202402042/1/R3.
Datum uitspraak: 22 oktober 2025
AFDELING
BESTUURSRECHTSPRAAK
Uitspraak op het hoger beroep van:
[appellant], wonend in Nieuwe-Tonge, gemeente Goeree-Overflakkee,
appellant,
tegen de uitspraak van de rechtbank Rotterdam van 6 maart 2024 in zaken nrs. 24/1903 en 24/2187 in het geding tussen:
[appellant]
en
het college van burgemeester en wethouders van Goeree-Overflakkee.
Procesverloop
Bij besluit van 18 januari 2021 heeft het college aan [partij] een omgevingsvergunning verleend voor het bouwen van een schuur en het verbouwen van een woning op het adres [locatie 1] in Nieuwe-Tonge.
Bij besluit van 15 februari 2024 heeft het college het door [appellant] daartegen gemaakte bezwaar gegrond verklaard en de omgevingsvergunning opnieuw verleend.
Bij uitspraak van 6 maart 2024 heeft de rechtbank het door [appellant] daartegen ingestelde beroep ongegrond verklaard.
Tegen deze uitspraak heeft [appellant] hoger beroep ingesteld.

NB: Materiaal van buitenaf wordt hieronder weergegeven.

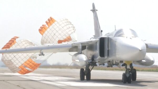 Estas imágenes del Ministerio de Defensa de Rusia muestran varios aviones Su-24M y Su-30M despegando y aterrizando en la base aérea de Hmeymim, cerca de... 20.10.2015, Sputnik Mundo
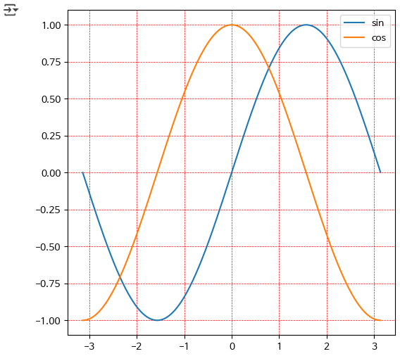 - x의 범위는 0부터 2*pi까지, 0.1 간격으로
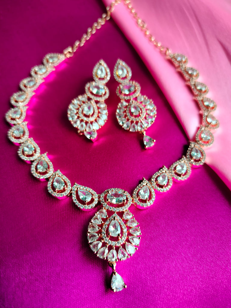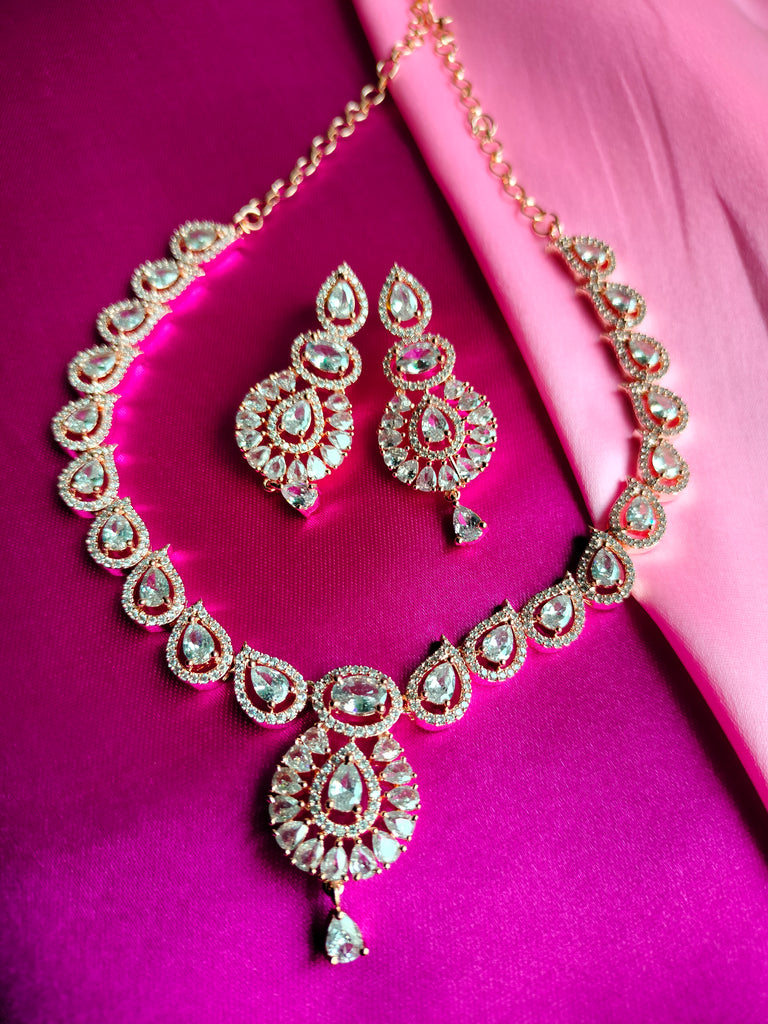 N0486_Elegant designer american diamond studded necklace set with delicate stone work.
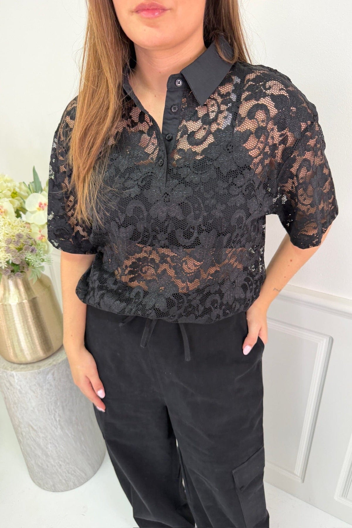 Sort poloskjorte fra Dear Molly med broderi og blondedetaljer. Skjorten har korte ermer og en knappelukking ved kragen.

De Afdeling heeft de zaak ter zitting behandeld op 11 augustus 2025, waar [appellant], bijgestaan door mr. B. Benard, en het college, vertegenwoordigd door mr. T. Hoogerwerf en J. Kooijman, zijn verschenen. Voorts is ter zitting [partij], bijgestaan door mr. M.H.C. Peters, als partij gehoord.
Overwegingen
Overgangsrecht inwerkingtreding Omgevingswet
1.       Op 1 januari 2024 zijn de Omgevingswet en de Invoeringswet Omgevingswet in werking getreden. Als een aanvraag om een omgevingsvergunning is ingediend vóór het tijdstip van inwerkingtreding van de Omgevingswet, dan blijft op grond van artikel 4.3, aanhef en onder a, van de Invoeringswet Omgevingswet het recht zoals dat gold onmiddellijk vóór dat tijdstip van toepassing tot het besluit op die aanvraag onherroepelijk wordt, met uitzondering van artikel 3.9, derde lid, eerste zin, van de Wet algemene bepalingen omgevingsrecht (hierna: de Wabo).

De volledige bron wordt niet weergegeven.